You Are a Dreamer
When we say "dream", we could mean fantasize or wish; or we could mean the place we find ourselves when we sleep.
Even if you think you have completely no creativity, your dreams prove otherwise, don’t they? In your own dreams, you journey to distant places and create amazing stories, most of which you forget in the morning. This is from your head and playing for a one-person audience ... you.
In dreams, you may do everyday things or things you would never do in real life. You might see loved ones that have died years ago, or find yourself endlessly searching for something.
Humans have 4-6 dreams a night each between 5 and 20 minutes. The average human
spends about 6 years of their entire life dreaming.
The dreams of the poor are just as fantastic as any rich person. The dream journey has no price and given freely to all of us.
Dreaming is not merely a human practice. Occasionally, my family would watch our dog, Jade, do a muffled bark while taking a nap. We would laugh watching her feet twitch as if she was chasing something.
When we sleep, we totally depart the real world and enter another story, another realm. Sleep equals unconsciousness, so in this state you are completely oblivious to what’s going on in the rest of the world but also your own room, even your own bed.
You leave the world as if you died, but you didn’t die. In fact, when you wake up … your fatigue has evaporated, your body rejuvenated, your joints are relaxed. Scientists know that not only is your body recharged but your mind and emotions are somewhat rebooted.
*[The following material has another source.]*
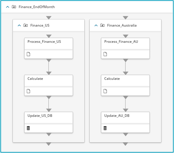This diagram shows a small portion of an organization's workflow that processes end-of-month finances. Inside the main folder are two other folders: one for US finances, and one for Australia finances. The US and Australia folders each contain three jobs, with each handling a specific financial task. The first job runs a script that processes finance information, the second job runs a script that performs calculations, and the third job updates the relevant database with the required information. The arrows indicate the flow of one job to the next. The use of folders and naming makes it easier to understand what each job does and how they work together.

Even though we rarely remember our own dreams, it is known, without controversy in science, that all of us dream every single night. Experiments have also shown, if we are prevented from dreaming, we quickly become crazy people. For some reason, we must dream to stay sane.
Knowing precisely how dreaming contributes to our sanity has much speculation.
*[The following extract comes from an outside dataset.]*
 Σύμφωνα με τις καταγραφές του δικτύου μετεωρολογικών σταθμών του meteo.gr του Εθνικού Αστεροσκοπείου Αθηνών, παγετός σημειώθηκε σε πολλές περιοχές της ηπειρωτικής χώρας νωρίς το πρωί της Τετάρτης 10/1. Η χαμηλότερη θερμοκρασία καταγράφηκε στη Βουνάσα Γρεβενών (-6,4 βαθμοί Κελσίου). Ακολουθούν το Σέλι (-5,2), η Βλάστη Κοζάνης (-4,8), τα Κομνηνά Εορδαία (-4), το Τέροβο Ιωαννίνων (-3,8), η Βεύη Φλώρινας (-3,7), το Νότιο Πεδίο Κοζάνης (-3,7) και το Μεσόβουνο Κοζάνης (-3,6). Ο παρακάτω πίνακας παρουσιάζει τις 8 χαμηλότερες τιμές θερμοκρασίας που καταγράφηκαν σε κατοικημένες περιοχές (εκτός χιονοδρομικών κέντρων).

Is there a vital emotional outlet for us to vent true emotions or reveal ourselves to ourselves?
Is dreaming some kind of mental defrag eliminating unnecessary data?
Do our dreams help us to make sense of life or thoughts?
Are we trying to put things together in our subconscious state?
Are we dreaming to process random data into mental categories in our large database of memories?
… ultimately it is an incredibly critical part of our health.
When I have felt guilty, dreams have been oppressive and haunting. I have had pleasant dreams of the simple presence of a loved one who has passed away.
Having written hundreds and hundreds of articles and several books on how nature’s genius exceeds man’s intellect, here is a truth I have discovered: Throughout nature, all of its peculiarities and details have some purpose.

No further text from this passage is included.